▸ Assignment
What you return must match the listing below exactly, minus any pictures.

▸ Input data
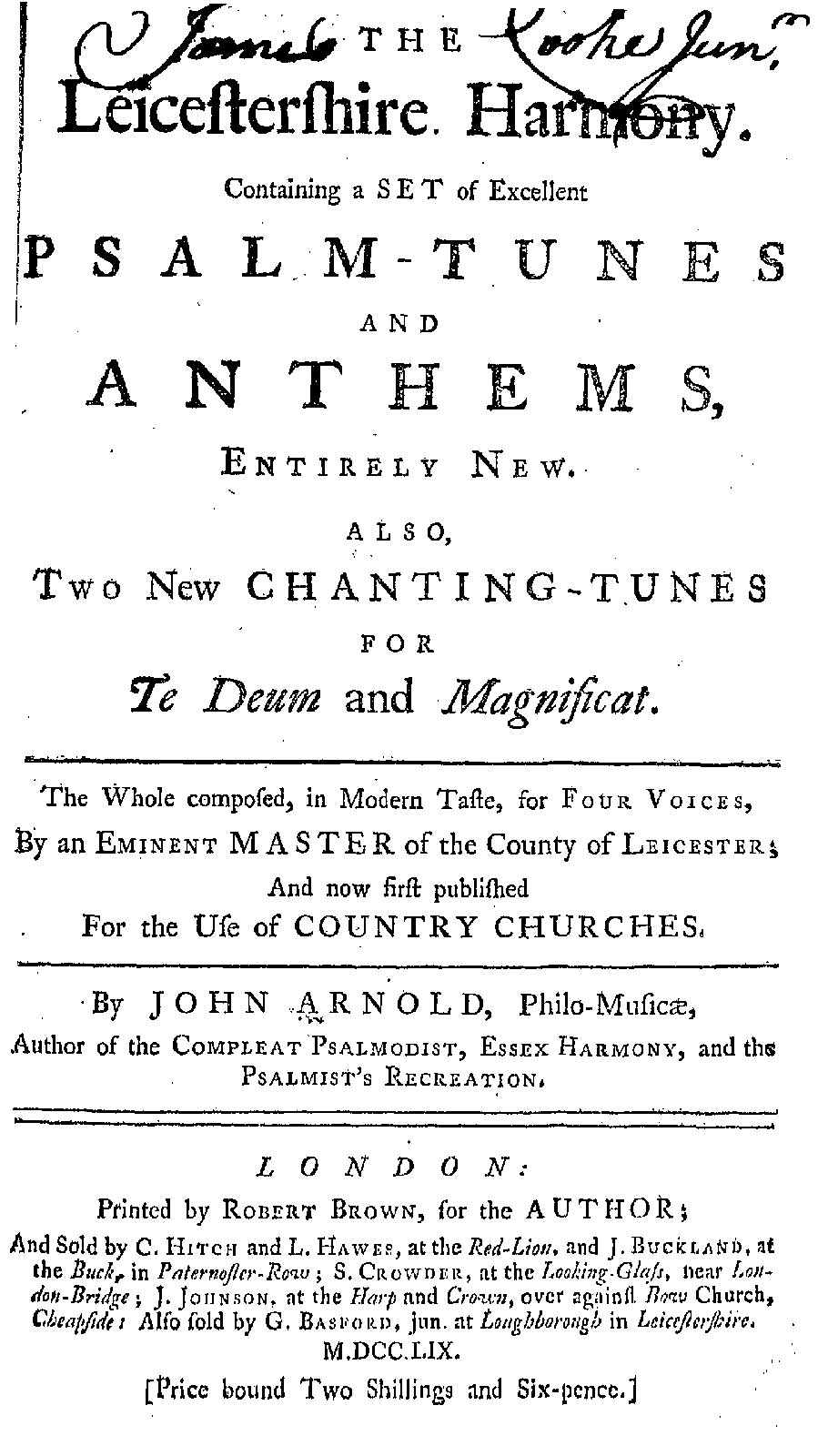 | Alternative. Title | Title-page transcription The Leicestershire Harmony. Containing a Set of Excellent Psalm-Tunes and Anthems, Entirely New. Also Two New Chanting-Tunes for Te Deum and Magnificat. The Whole composed, in Modern Taste, for Four Voices, By an Eminent Master of the County of Leicester; And now first published For the Use of Country Churches.</span> |
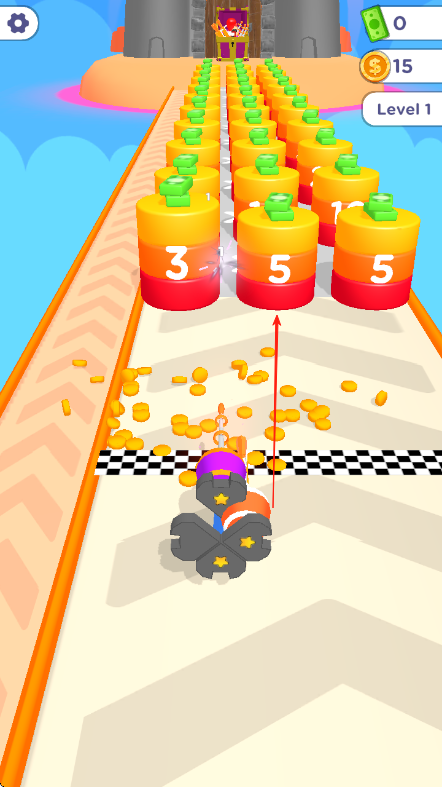 3、持续前进收集金币,躲避障碍,选择带有更高数字的道具路线行进,冲击关卡终点完成挑战。
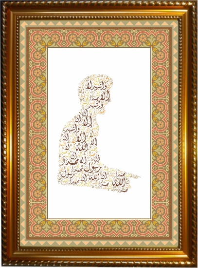 Tableau avec calligraphies de l'attestation de foi sous forme d'une personne qui fait la prière - REF. 28700 (14.90 €)

▸ Reply
 | Alternative. Title | Title-page transcription The Leicestershire Harmony. Containing a Set of Excellent Psalm-Tunes and Anthems, Entirely New. Also Two New Chanting-Tunes for Te Deum and Magnificat. The Whole composed, in Modern Taste, for Four Voices, By an Eminent Master of the County of Leicester; And now first published For the Use of Country Churches.</span> |
 3、持续前进收集金币,躲避障碍,选择带有更高数字的道具路线行进,冲击关卡终点完成挑战。
 Tableau avec calligraphies de l'attestation de foi sous forme d'une personne qui fait la prière - REF. 28700 (14.90 €)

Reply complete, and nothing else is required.